If Kuroda, a primary symbol of the "Abenomics" economic policy mix promoted by Prime Minister Abe, had been replaced, it could adversely affect the yen's value and stock prices. With only limited alternative candidates available, the government settled for the seemingly most innocuous option to maintain the status quo.
Kuroda, 73, is highly appreciated within the government for bringing about a weaker yen and high share prices by way of the massive quantitative monetary easing, with some saying his policy "brightened Japanese society's atmosphere." While some others voiced concerns over his age as he will be 78 when his second term expires, calls for his reappointment grew stronger within the government and ruling parties as Kuroda was free of any problems in terms of physical strength. Even the Finance Ministry and the BOJ itself, which were reluctant to appoint Kuroda to his current post five years ago, are now rallying behind him.
Meanwhile, those calling for more aggressive monetary and fiscal policies demanded that Kuroda be replaced on the grounds that he failed to achieve the 2 percent inflation target during his five-year term as BOJ chief. As Prime Minister Abe has heretofore appointed proponents of reflationary monetary policy to key economic posts, his decision over the appointment of the next BOJ chief had attracted much speculation, but he ended up retaining Kuroda in compliance with calls from his aides.

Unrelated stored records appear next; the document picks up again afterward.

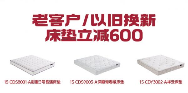 对于掌上明珠家居的老客户来说,这次双11更是一个绝佳的焕新机会。只要你持有旧床垫,就可以参与以旧换新活动,享受床垫立减600元的优惠!不论是三分区独立袋装弹簧还是6圈独立袋装弹簧加贝卡特针织面料,参与活动的三款床垫均是掌上明珠热销产品,让你的家居生活更加舒适、健康!活动时间有限,有床垫换新需求的客户一定不要错过了。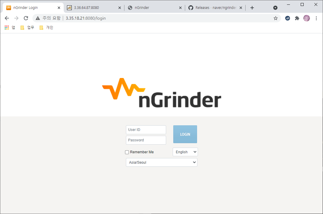 이렇게 실행이 완료되면 8080포트를 통해 웹으로 접속합니다. 네이버에서 만들었기 때문에 한국어도 지원합니다. 초기 아이디/비밀번호는 admin/admin 입니다. 로그인 후 적절하게 변경합니다.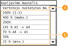 Galima padidinti arba sumažinti kopijas naudojant iš anksto nustatytą kopijavimo mastelį, pvz., <A5->A4>, arba nustatyti pasirinktinį kopijavimo mastelį 1 % žingsniais.
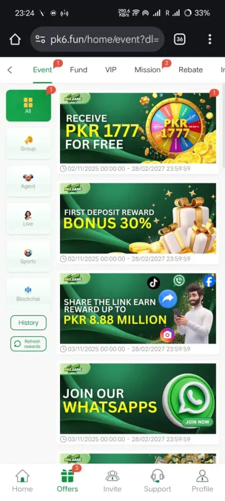 Firstly, PK6 Game rewards users with referral bonuses when friends sign up.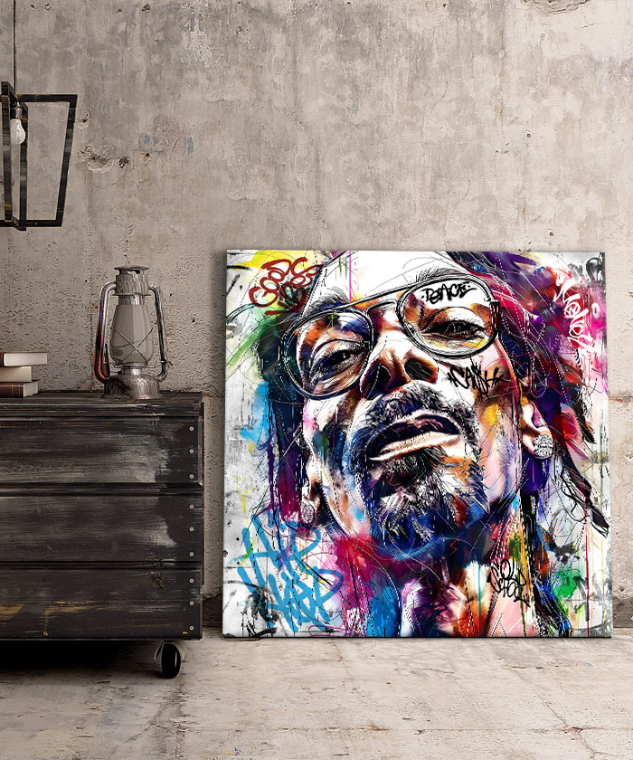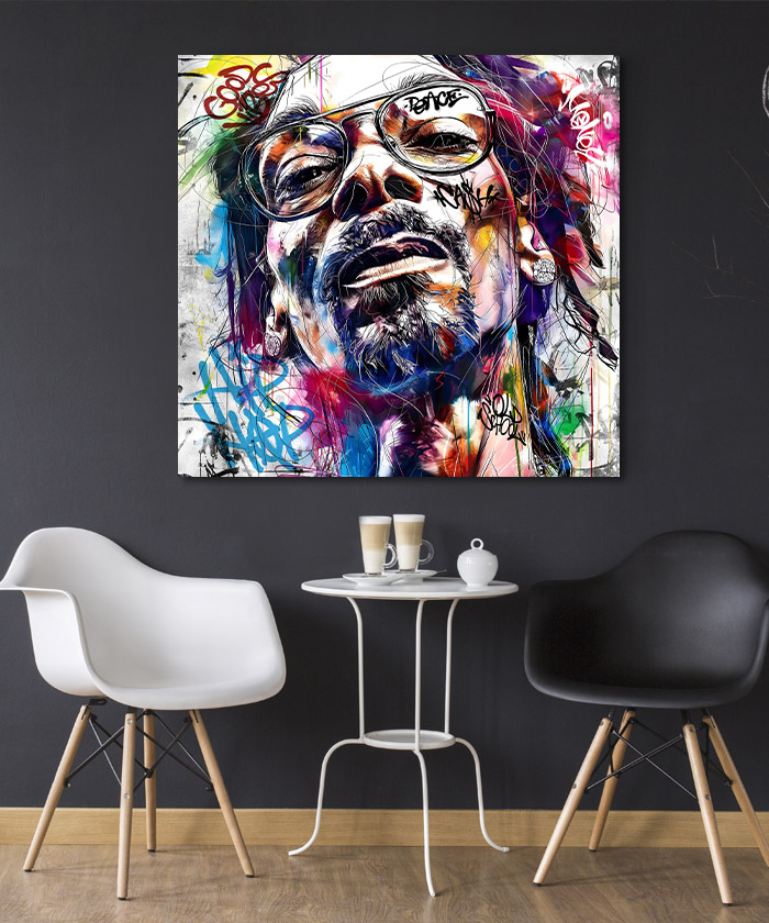 Chez Tableau Déco, nous réalisons tous les visuels de nos tableaux décoratifs. Notre métier, c’est aussi la création artistique. Ainsi, vous ne retrouverez nos tableaux nulle part ailleurs. Nous fabriquons ce tableau déco Snoop Dogg Rappeur aquarelle street art en France, dans notre atelier de région parisienne.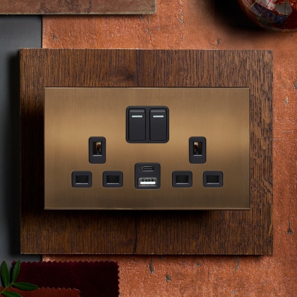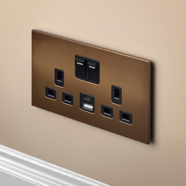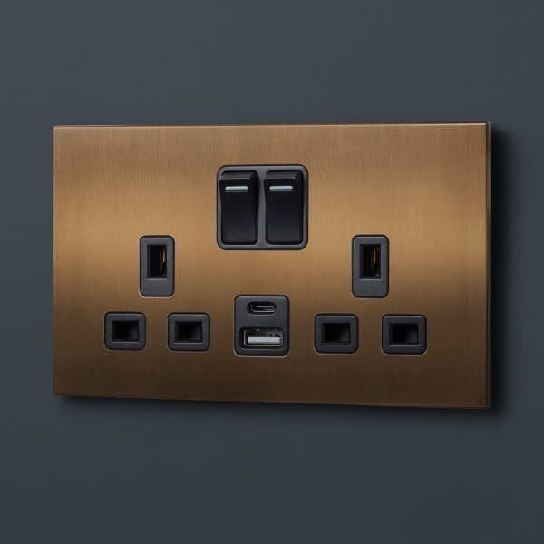 The Aura Double Plug Socket in Brushed Bronze combines sleek aesthetics with modern functionality, featuring integrated USB-A and USB-C ports for fast, effortless device charging.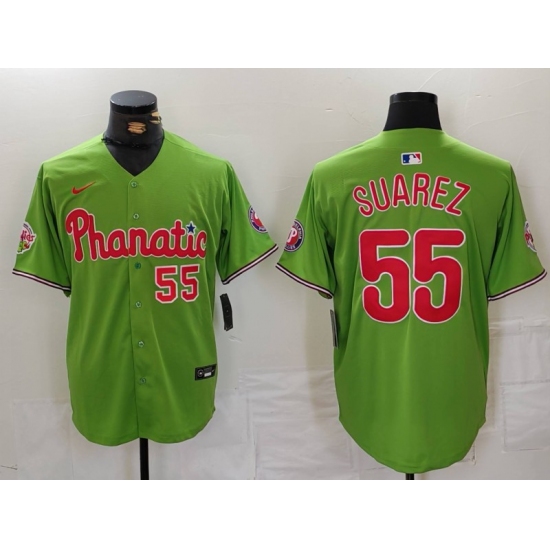 >Men's Philadelphia Phillies #55 Ranger Suarez Number Green With Stitched Cool Base Nike Jersey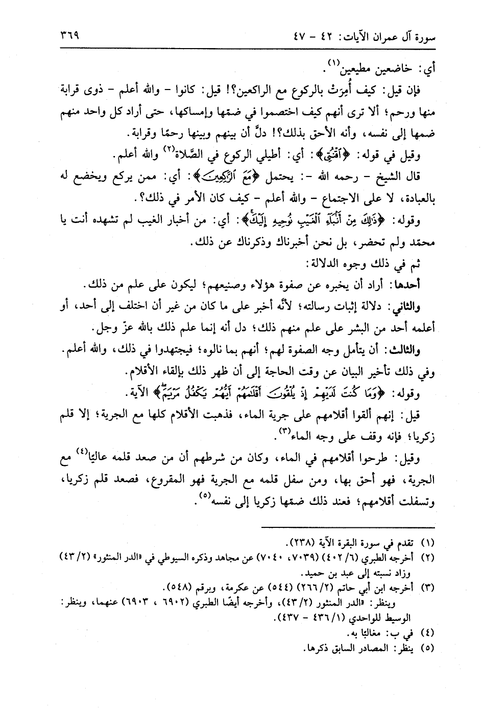 وقوله: (وَمَا كُنْتَ لَدَيْهِمْ إِذْ يُلْقُونَ أَقْلَامَهُمْ أَيُّهُمْ يَكْفُلُ مَرْيَمَ) الآية.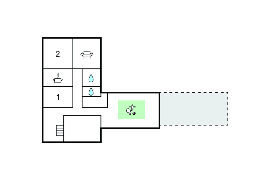This is one of two holiday apartments, a 3-room apartment with living room, 2 bedrooms, separate kitchen, shower/WC and guest WC and the 1-room apartment with combined living room/bedroom, open-plan k...

Kuroda's next five years in the BOJ chiefdom, however, will be fraught with challenges to address. While the central bank slashed the long-term interest rate to around 0 percent in 2016 and aims to attain the 2 percent inflation goal, there are concerns that a drawn-out ultralow interest rate policy could adversely affect earnings among financial institutions, prompting them to cut back on loans. In the meantime, if the interest rate is raised when commodity prices have not grown enough, it could trigger the yen's appreciation and dampen the economy. A number of difficult tests await Kuroda, who will become the oldest postwar BOJ governor when he retires.